I posted a couple of weeks ago about how I had credit card debt that my husband didn't know about until the night before our refinance closing. 

A couple of things have happen since then:

-I started seeing a therapist on my own. At some point he will also go. I've found it very enlightening. I've been going twice a week. It will drop to 1x per week soon. It is odd to talk to a total stranger (face to face) about this but it has been great/cathartic and really opened me up to why it got to that point (overwhelmed with work/kids/ etc, imbalance of power, communication issues.)

One thing pretty cool is my employer does "no questions asked" six sessions for free through the Employee Assistance program. So between insurance and work I should be good. 

-Part of therapy has been identifying what I want in our relationship. I've felt like his job and opinion have always had more sway in the conversation.His job will never change (or very likely never). However, I am working on telling him what I need more so that I don't feel so overwhelmed, frustrated that I can be a more equal partner. The therapist refers to it as finding my voice. 

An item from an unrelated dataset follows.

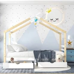 Créez le refuge ultime dans la chambre de vos enfants avec notre cadre de lit fantastique ! Le lit est intelligemment conçu avec un cadre de style maison dans un arbre où vous pouvez accrocher des rideaux de lit pour créer de l’intimité pour votre enfant. Il peut également être utilisé comme coin lecture ou maison de jeu pour votre enfant. Fabriqué en bois de pin massif, ce cadre de lit est extrêmement robuste et durable. Les lattes résistantes offrent le soutien nécessaire et sont très confortables. Ce cadre de lit convient à un matelas de 90 x 200 cm. Veuillez noter que la livraison inclut un cadre de lit seulement ; un matelas et les rideaux ne sont pas inclus. Le lit est facile à assembler. Vous pouvez chercher le matelas correspondant dans notre boutique.

-DH and I have been having twice a week sit down talks about finances and then filling in as needed. He can see all of our/my accounts and where money is going. We talk about what is getting paid and what my plans are so there are no surprises $ wise. He said that he won't be mad if I tell him before hand about spending.  I've also adjusted my spending (ie. coffees, lunches out all.the.time, books.all. the.time.) It feels good to actually talk to him about stuff rather than worrying about his response. It has sucked when he has pointed out that I can't really afford to do all I want. It has been good because he is now seeing that some of the stuff was me funding things that really should have been funded by both of us (Gifts for family, clothes for the girls, etc.)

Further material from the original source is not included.